People seem to gain weight easily but have a hard time taking it off. Americans are continuing to get heavier, increasing the risk of getting Type 2 diabetes, heart disease, stroke, cancer and various other health conditions. Healthy eating can play an important role in helping you avoid excess weight. It can also increase the quality and length of your life. Interesting new research is revealing that part of the reason why it’s so difficult to eat healthy is that “hidden persuaders” can lead you to eat more than you think you’re eating.
Dr. Brian Wansink, director of the Cornell Food and Brand Lab, reviewed the latest research into these hidden persuaders in a recent talk at NIH. For example, the size and shape of containers, he said, can as much as double the amount of food you consume. In a field study at a Philadelphia movie theater, researchers gave participants free popcorn in large or extra large sizes. Unknown to the participants, they were randomly given popcorn that was either fresh or 10 days old.

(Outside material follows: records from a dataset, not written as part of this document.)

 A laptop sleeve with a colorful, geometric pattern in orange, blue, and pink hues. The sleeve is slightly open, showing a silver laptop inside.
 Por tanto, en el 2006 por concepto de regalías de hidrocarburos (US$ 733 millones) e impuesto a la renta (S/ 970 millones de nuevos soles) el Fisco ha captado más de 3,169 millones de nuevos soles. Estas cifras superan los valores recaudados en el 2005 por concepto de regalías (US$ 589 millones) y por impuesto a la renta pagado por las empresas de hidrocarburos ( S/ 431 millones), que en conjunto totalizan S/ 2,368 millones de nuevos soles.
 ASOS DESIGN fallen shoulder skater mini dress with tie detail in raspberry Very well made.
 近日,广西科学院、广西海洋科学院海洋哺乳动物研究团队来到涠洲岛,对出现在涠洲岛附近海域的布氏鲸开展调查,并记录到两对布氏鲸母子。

The researchers found that people eating from the extra-large popcorn containers ate 45-50% more than those eating from the large ones. Participants even ate 40-45% more stale popcorn when it was served in bigger containers.

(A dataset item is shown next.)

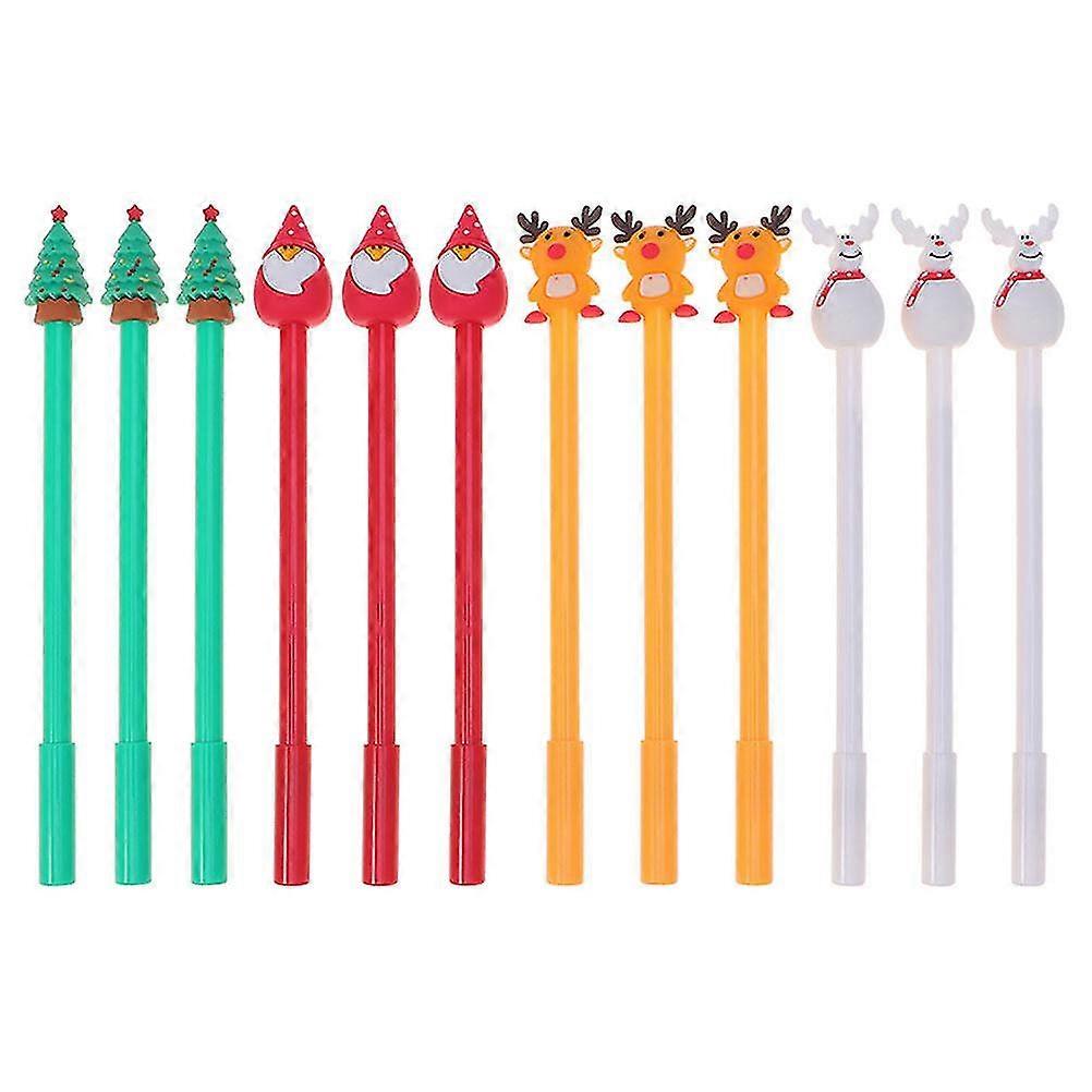12pcs Christmas Themed Gel Pens Lovely Signature Pens For Students (assorted Color)

Food descriptions affect your food intake as well. Wansink described how researchers were able to help a cafeteria boost its business. Using creative terms that appeal to the senses, “seafood filet” and “chocolate cake” became “succulent Italian seafood filet,” and “Belgium black forest double chocolate cake” on the menu. People making selections from these more descriptive menus were overwhelmingly more enthusiastic about the food they received. Those making their selections from non-descriptive menus were mostly disappointed. Research shows that this common advertising technique, called descriptive labeling, not only attracts customers to selected menu items, but also causes them to eat more.
Losing track of how much you’re eating also leads you to eat more. In one study, students at a Super Bowl party in a restaurant were given free all-you-can-eat chicken wings. Plates were bused from some of the tables while bones were left to pile high on others. Those whose plates were not bused ate less. Participants from the bused tables seemed to have a harder time judging how much food they were eating. The researchers concluded that those people who saw reminders of what they were eating consumed less in the end. This conclusion was confirmed by another study showing that people wound up eating less candy when they saw their empty wrappers pile up as they ate.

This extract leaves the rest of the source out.